It baffles me how usable Office 97 still. I was playing with it recently in a VM to see if it worked as well as I remembered, and it was amazing how packed with features it is considering it's nearing on thirty. There's no accounting for taste but I prefer the old Office UI to the ribbon, there's a boatload of formatting options for Word, there's 3D Word Art that hits me right in the nostalgia, Excel 97 is still very powerful and supports pretty much every feature I use regularly. It's obviously snappy on modern hardware, but I think it was snappy even in 1998.
I'm sure people can enumerate here on the newer features that have come in later editions, and I certainly do not want to diminish your experience if you find all the new stuff useful, but I was just remarkably impressed how much cool stuff was in packed into the software.
It's really astonishing how full-featured it all was, and it was running on those Pentium machines that had a "turbo" button to switch between 33 and 66 MHz and just a few MBs of RAM.
(edit to say I'm obviously ignoring i8n etc.)
With memory prices skyrocketing, I wonder if we will see a freeze in computer hardware requirements for software. Maybe it's time to optimize again.
Yeah you can get machines which are higher specced easily enough, but they’re usually at the upper end of the average consumers budget.
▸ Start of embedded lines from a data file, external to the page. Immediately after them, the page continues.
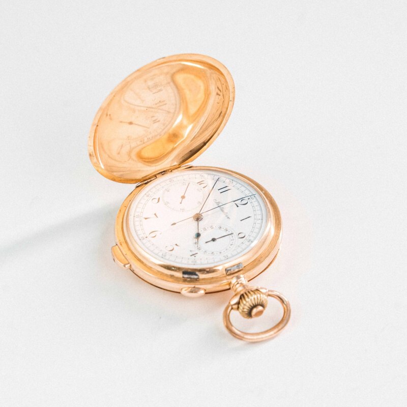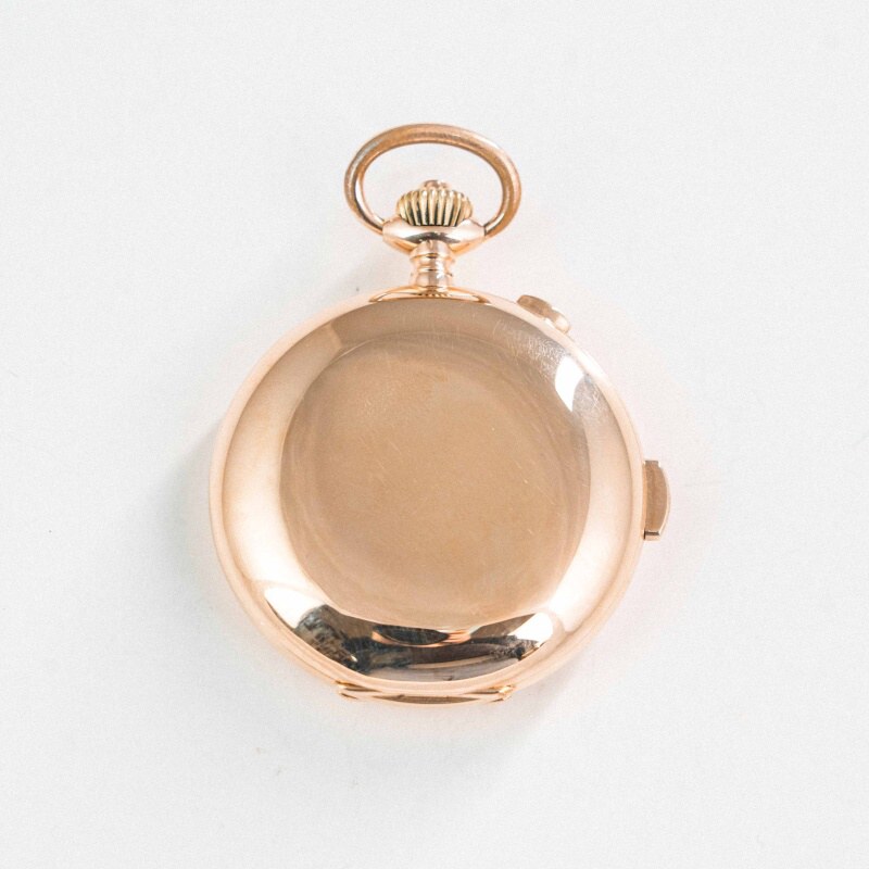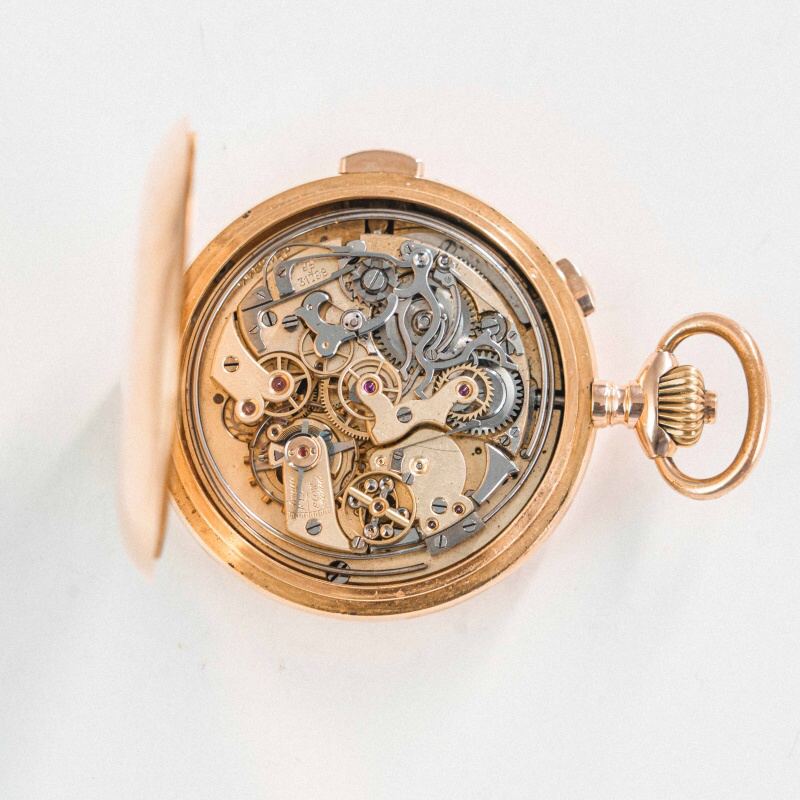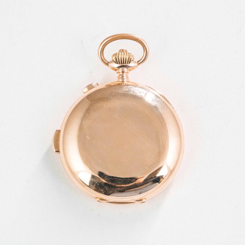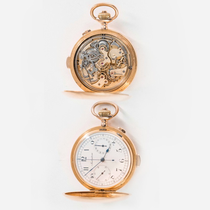 «Савонетта» (Savonette) — трехкрышечный корпус с откидной передней крышкой. Золото 18 карат (750 проба). Это высший стандарт качества для того времени. Массивные часы общим весом 106 грамм.Три золотые крышки (передняя, задняя и внутренний пыльник), обеспечивающие максимальную защиту механизма от пыли. Данные часы объединяют в себе две редкие функции, которые до сих пор считаются вершиной часового искусства: Четвертной репетир (Repetition à Quarts): Механический «аудио-календарь». При нажатии на рычаг (слайдер) на боку корпуса часы отбивают время звуком: Низкий тон — количество часов. Двойной удар (динь-дон) — количество прошедших четвертей часа (15, 30 или 45 минут).
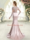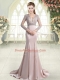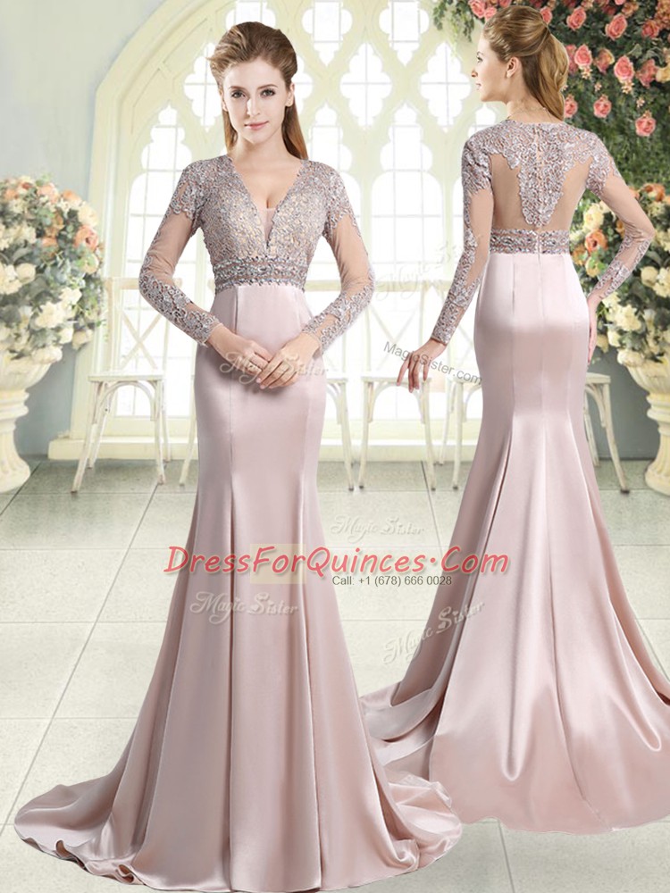 Pink Satin Sweep Train Long Sleeves Beading and Lace
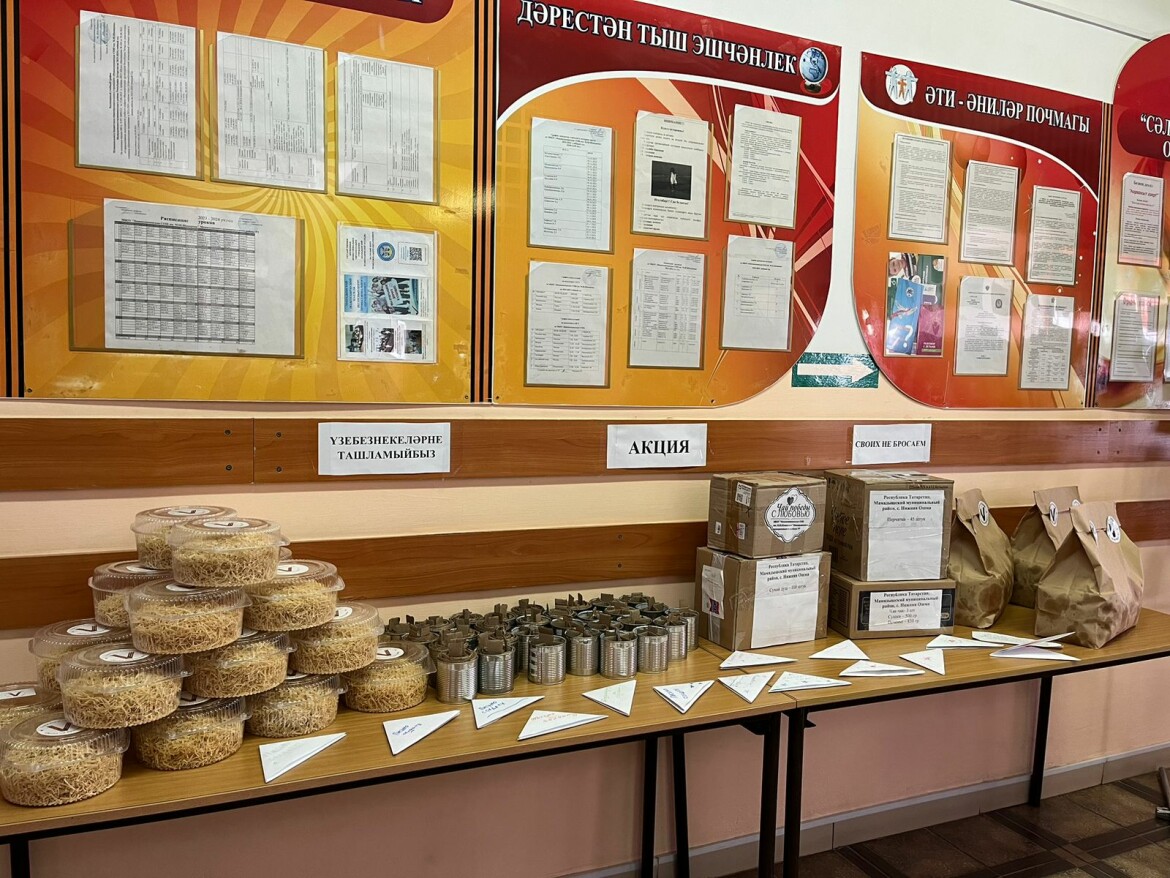 Педагоги этой школы неоднократно собирались для приготовления лапши для отправки в зону СВО. Всего ими отправлено уже 150 контейнеров этого продукта. В среду, 14 февраля, педагогический состав вместе с учениками соберется в школе для приготовления чак-чака. Татарские национальные сладости также будут отправлены на фронт.
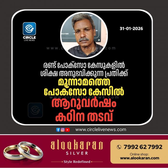 ചാവക്കാട്: രണ്ട് പോക്സോ കേസുകളിൽ ശിക്ഷ അനുഭവിച്ചുകൊണ്ടിരിക്കുന്ന പ്രതിക്ക് മൂന്നാമത്തെ പോക്സോ കേസിൽ ആറുവർഷം കഠിന തടവ്. ചാവക്കാട് ഒരുമനയൂർ മുത്തമ്മാവ് മാങ്ങാടി വീട്ടിൽ സജീവനേ(52)യാണ് ചാവക്കാട് അതിവേഗ സ്പെഷ്യൽ കോടതി കുറ്റക്കാരനാണെന്ന് കണ്ടെത്തി 6 വർഷം കഠിന തടവിനും 40,000 രൂപ പിഴ അടക്കാനും ശിക്ഷ വിധിച്ചത്. പിഴ അടക്കാത്ത പക്ഷം 4 മാസം കൂടി അധിക തടവ് അനുഭവിക്കണം. പിഴസംഖ്യ അതിജീവിതക്ക് നൽകാനും കോടതി ഉത്തരവായി. 12കാരനെ ഫോണിൽ അശ്ലീല വീഡിയോ കാണിച്ച് ലൈംഗികാതിക്രമം നടത്തിയ കേസിലാണ് ചാവക്കാട് ഫാസ്റ്റ് ട്രാക്ക് സ്പെഷ്യൽ കോടതി ശിക്ഷ വിധിച്ചത്. 2023 ജൂൺ മാസത്തിലാണ് കേസിനാസ്പദമായ സംഭവം. സർക്കിൾ ലൈവ് ന്യൂസ് അപ്ഡേറ്റ്. ചാവക്കാട് പോലീസ് സ്റ്റേഷനിലെ സീനിയർ സി.പി.ഒ ഷൗജത്ത് കുട്ടിയുടെ മൊഴി രേഖപ്പെടുത്തി ഹാജരാക്കിയതിന്റെ അടിസ്ഥാനത്തിൽ എസ്.ഐ പി.എസ് അനിൽ കുമാർ എഫ്.ഐ.ആർ രജിസ്റ്റർ ചെയ്തു. തുടർന്ന് എസ്.ഐ സെസിൽ ക്രിസ്ത്യൻ രാജാണ് കേസിന്റ അന്വേഷണം പൂർത്തിയാക്കി പ്രതിക്കെതിരെ കോടതിയിൽ കുറ്റപത്രം സമർപ്പിച്ചത്. പ്രോസിക്യൂഷനു വേണ്ടി 12 സാക്ഷികളെ വിസ്തരിക്കുകയും ശാസ്ത്രീയ തെളിവുകൾ ഉൾപ്പെടെ 18 രേഖകൾ ഹാജരാക്കുകയും ചെയ്തു. കുട്ടിയുടെ ഇളയ സഹോദരനേയും കൂട്ടുകാരനെയും ലൈംഗിക പീഡനത്തിന് വിധേയനാക്കിയതിന് 130 വർഷവും 110 വർഷവും രണ്ടു കേസുകളിൽ ആയി ഇതേ കോടതിയിൽ നിന്ന് വിധിച്ച ശിക്ഷ അനുഭവിച്ചു വരികയാണ് പ്രതി. പ്രോസിക്യൂഷനു വേണ്ടി സ്പെഷ്യൽ പബ്ലിക് പ്രോസിക്യൂട്ടർ അഡ്വ. സിജു മുട്ടത്ത്, അഡ്വ. സി നിഷ എന്നിവർ ഹാജരായി. വിസ്താരവേളയിൽ ലെയ്സൺ ഓഫീസറും സി.പി.ഒ യുമായ എ പ്രസീത കോടതിയിൽ പ്രോസിക്യൂഷൻ നടപടികൾ ഏകോപിപ്പിച്ചു.
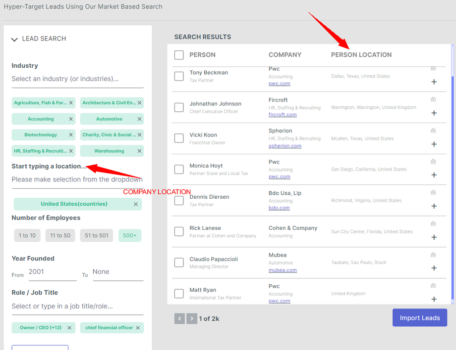 In a bid to improve the effective use of the lead researching, we plan to add a "Person's Location" attribute to the search filters. This new addition will allow the ability to acquire highly specific and accurate data for both search criteria.
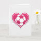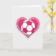 This design shows a classic black-and-white soccer ball tucked snugly inside a hot pink heart, like it’s being held close with real affection ❤️. The heart has a thin white border that makes it stand out, giving the center image a gentle lift from the background. Behind it all is a soft light gray field that keeps the focus on the ball and heart, letting the contrast do the talking. There’s no headline or message anywhere, which makes the image feel like a quiet, direct way to show devotion—more like a warm look than a loud statement 🥰. The crisp polygon panels on the ball add structure, while the rounded heart shape softens the scene into something more romantic and friendly. A faint shadow around the heart adds a touch of depth, like a sticker placed neatly on the page. The only “text” element is the absence of lettering, leaving open space all around the centered icon on the pale gray background.
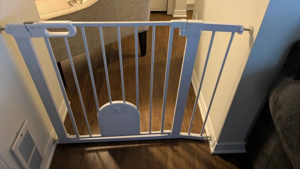 Includes a door for your cat or small dog. One gate has minor damage near the white zip tie, but it doesn't affect its function. Selling 2 for $85, or 1 for $50.

https://www.popularmechanics.com/technology/infrastructure/a...
https://www.popularmechanics.com/technology/gadgets/a23139/c...
The point being made was that for many people whose lives doesn't circle around computers, their computing needs have not changed since the early 1990's, other than doing stuff on Internet nowadays.
For those people, using digital typewriter hardly requires more features than Final Writer, and for what they do with numbers in tables and a couple of automatic updated cells, something like Superplan would also be enough.
Truly, I do not miss the swamp of toolbar icons without any labels. I don't weep for the old interface.
Just please don't gaslight us with some alternate Amiga bullshit history. All that shit was super slow, you were begging for +5Mhz or +25KB of cache. If Amiga had any success outside of teenage gamers, that stuff would have all been historical, just like it was on the Mac.
I am now starting to wonder how much of it has to do with network access to Sharepoint and telemetry data that most likely didn't exist in the Office 97 dial-up era.
Features-wise - I doubt there is a single feature I use (deliberately) today in Excel or Word that wasn't available in Office 97.
I'd happily suffer Clippy over Co-Pilot.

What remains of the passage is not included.